DIRECTIONS FOR THIS TASK:
Among the entries that follow, locate the line with "The 8TEN Deck" and the line with "茎の先端が平らな集散花序となり、マンネングサに似た多数の黄色い花を付ける。". Output those lines and all lines in between, exactly, minus the pictures.

DATA SUPPLIED:
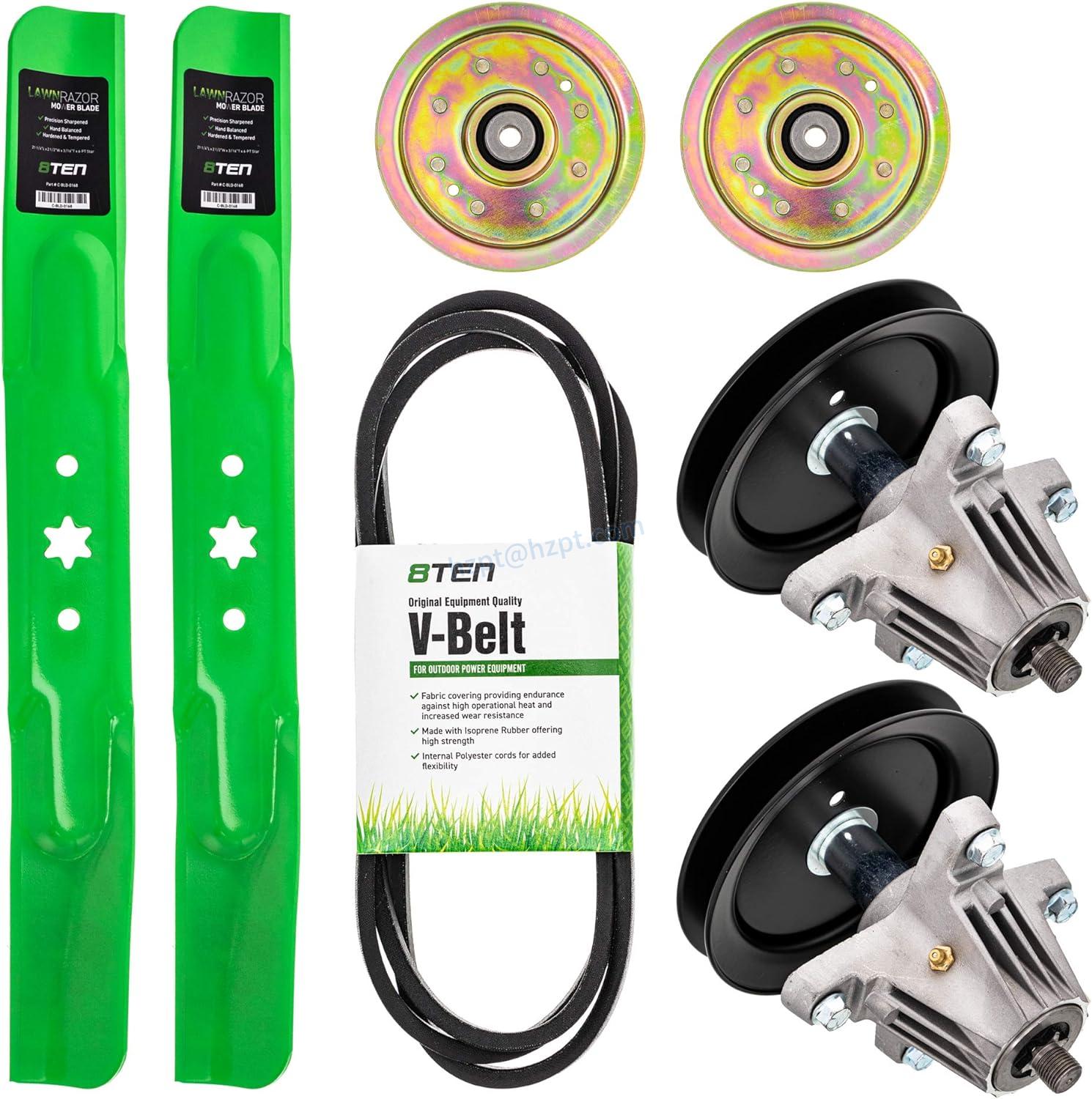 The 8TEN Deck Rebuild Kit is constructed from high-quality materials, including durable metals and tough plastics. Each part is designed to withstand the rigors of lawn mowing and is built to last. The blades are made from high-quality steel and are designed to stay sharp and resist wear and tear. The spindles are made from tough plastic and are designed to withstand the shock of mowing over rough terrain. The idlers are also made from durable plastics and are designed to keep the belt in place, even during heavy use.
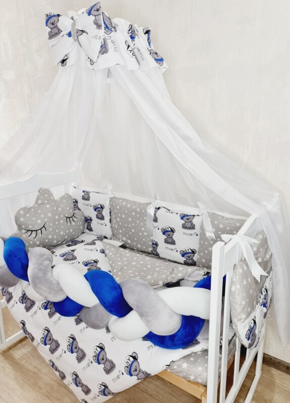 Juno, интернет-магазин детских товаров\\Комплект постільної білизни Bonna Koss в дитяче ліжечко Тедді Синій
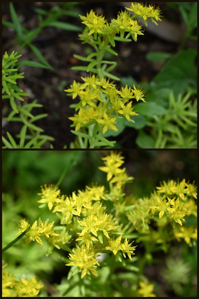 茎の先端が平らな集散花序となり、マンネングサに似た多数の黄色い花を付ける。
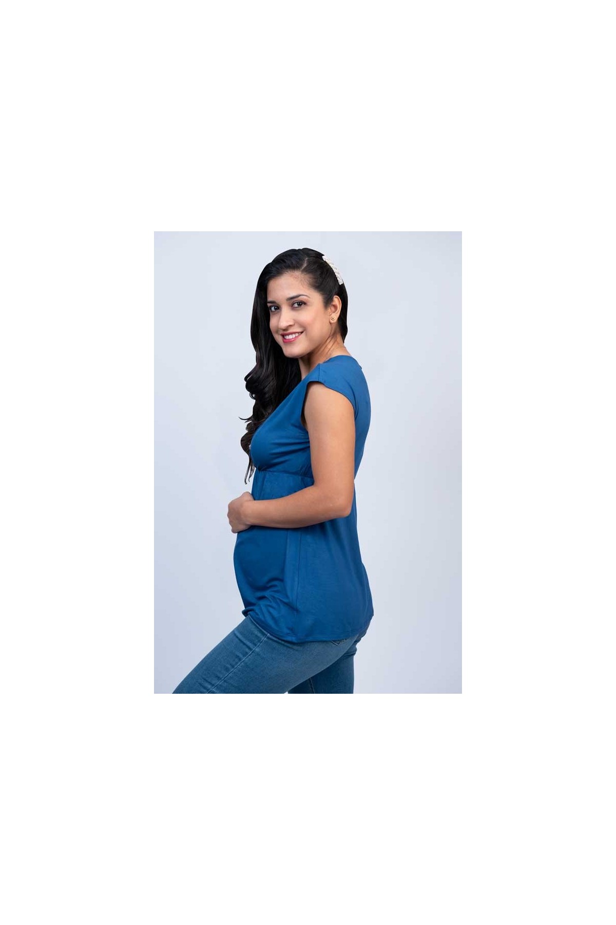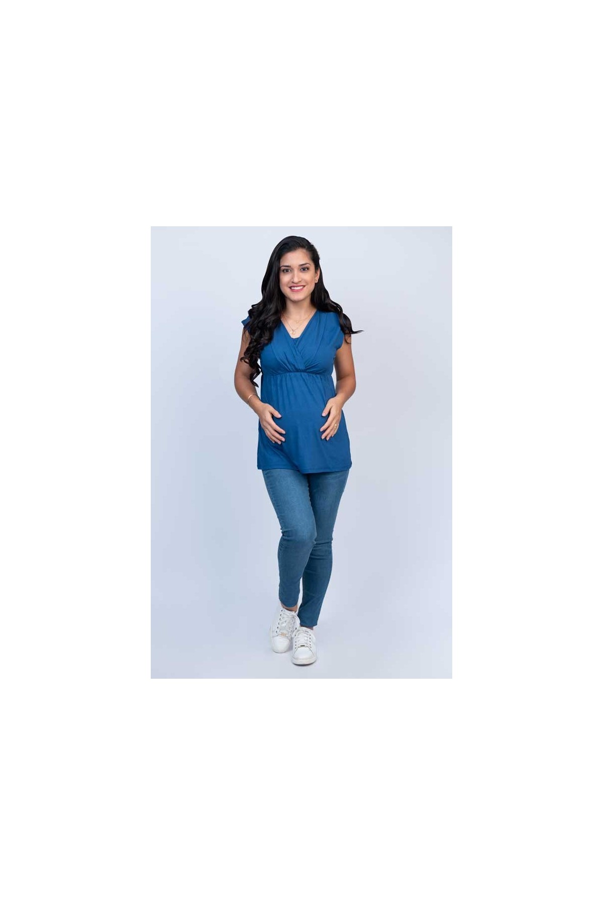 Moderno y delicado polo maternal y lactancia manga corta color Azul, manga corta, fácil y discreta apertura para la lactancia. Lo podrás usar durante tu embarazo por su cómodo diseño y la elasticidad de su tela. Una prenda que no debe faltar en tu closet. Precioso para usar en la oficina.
--
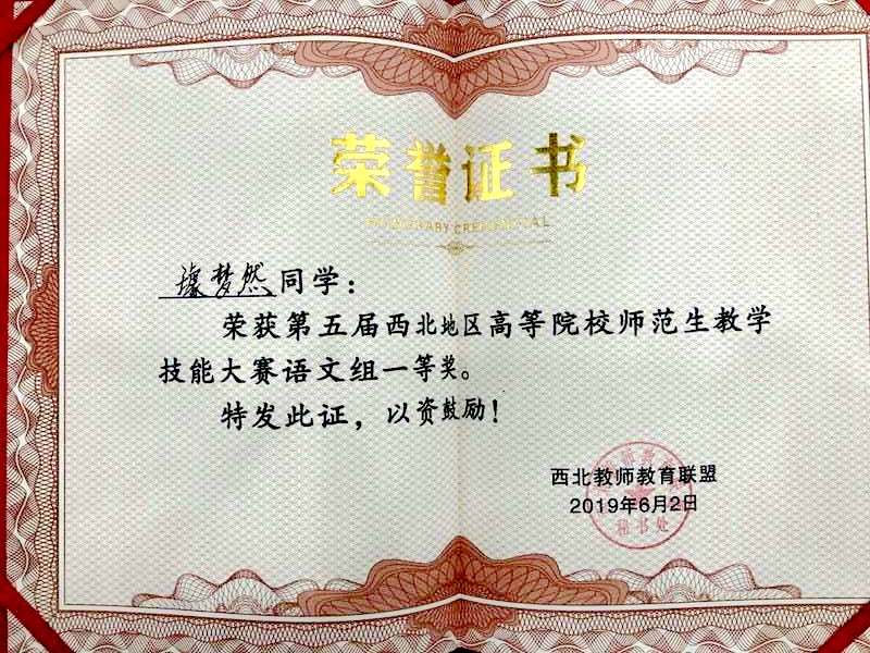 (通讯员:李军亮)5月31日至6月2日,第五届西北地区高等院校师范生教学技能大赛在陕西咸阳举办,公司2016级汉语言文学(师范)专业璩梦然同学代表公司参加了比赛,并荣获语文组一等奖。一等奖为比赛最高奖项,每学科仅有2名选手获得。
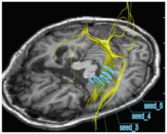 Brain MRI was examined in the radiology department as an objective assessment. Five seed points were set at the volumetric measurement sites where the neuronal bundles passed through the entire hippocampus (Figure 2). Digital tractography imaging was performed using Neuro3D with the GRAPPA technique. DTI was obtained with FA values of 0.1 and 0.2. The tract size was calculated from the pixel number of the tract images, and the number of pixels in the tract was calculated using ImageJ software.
---
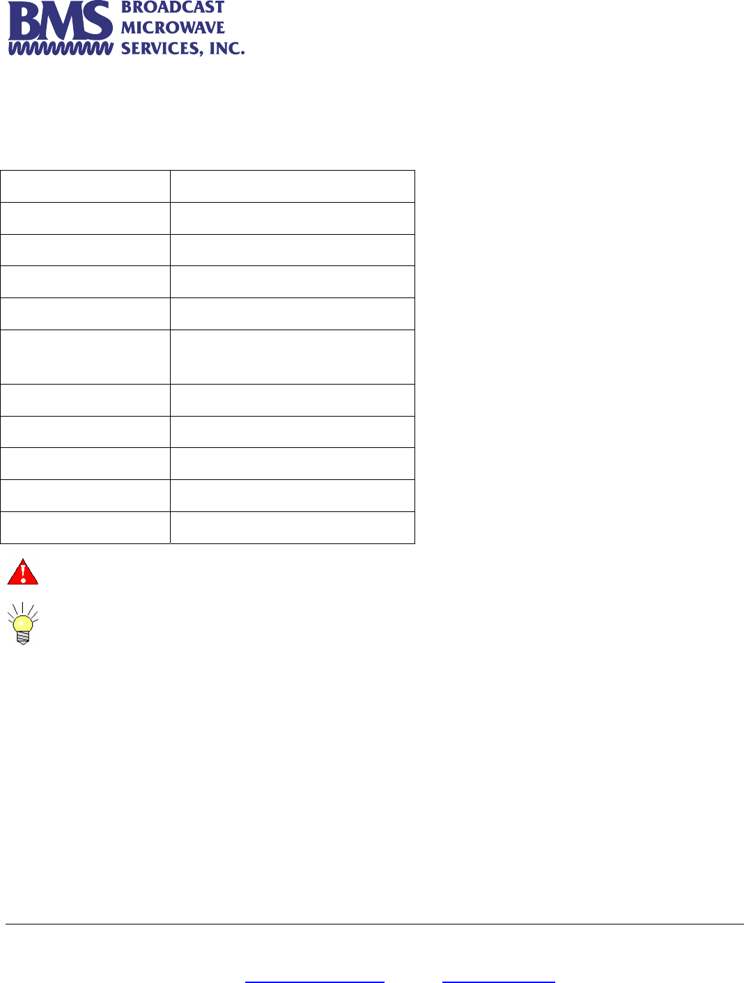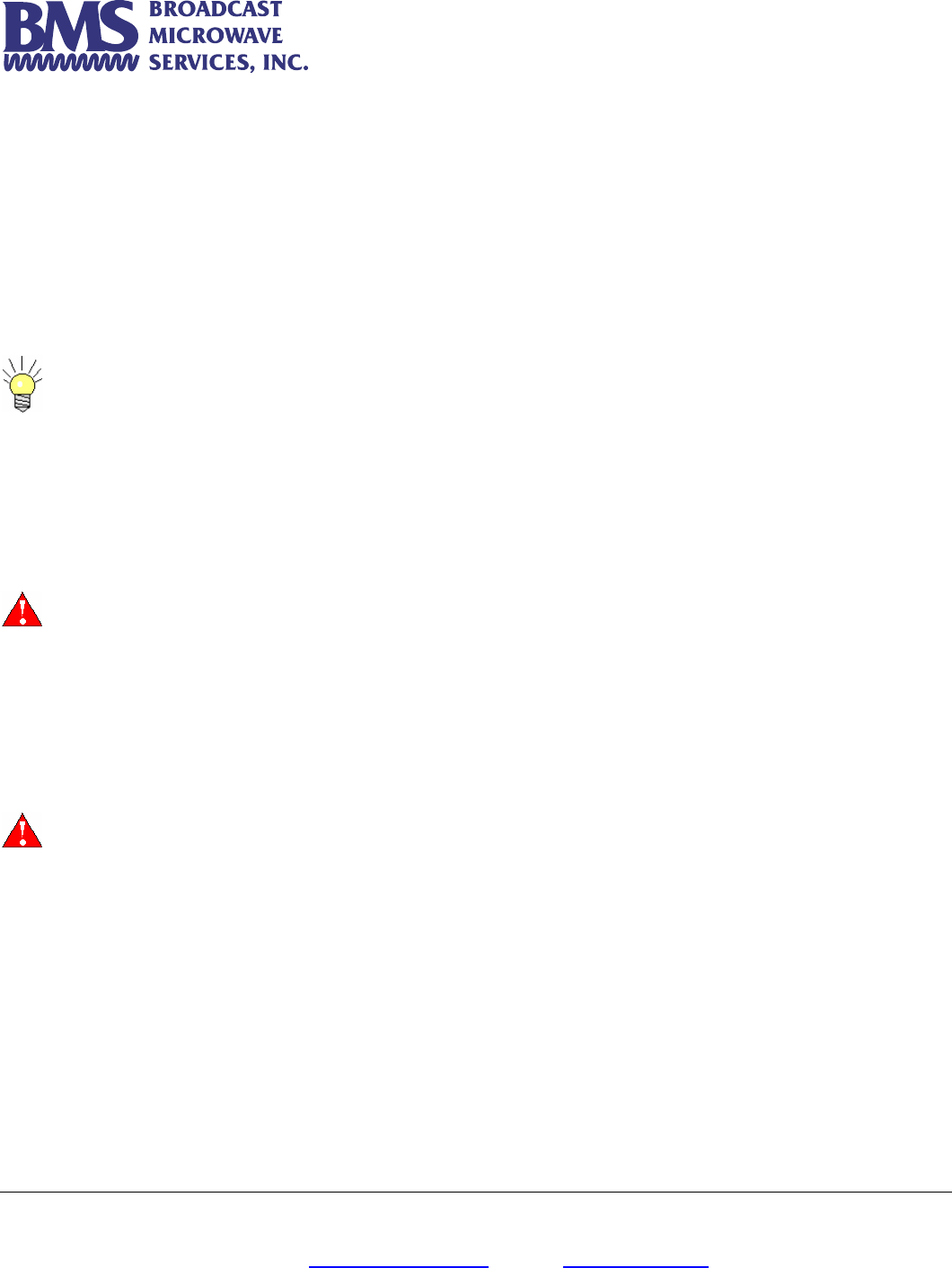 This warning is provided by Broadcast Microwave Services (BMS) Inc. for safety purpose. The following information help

EXERCISE OUTPUT:
 The 8TEN Deck Rebuild Kit is constructed from high-quality materials, including durable metals and tough plastics. Each part is designed to withstand the rigors of lawn mowing and is built to last. The blades are made from high-quality steel and are designed to stay sharp and resist wear and tear. The spindles are made from tough plastic and are designed to withstand the shock of mowing over rough terrain. The idlers are also made from durable plastics and are designed to keep the belt in place, even during heavy use.
 Juno, интернет-магазин детских товаров\\Комплект постільної білизни Bonna Koss в дитяче ліжечко Тедді Синій
 茎の先端が平らな集散花序となり、マンネングサに似た多数の黄色い花を付ける。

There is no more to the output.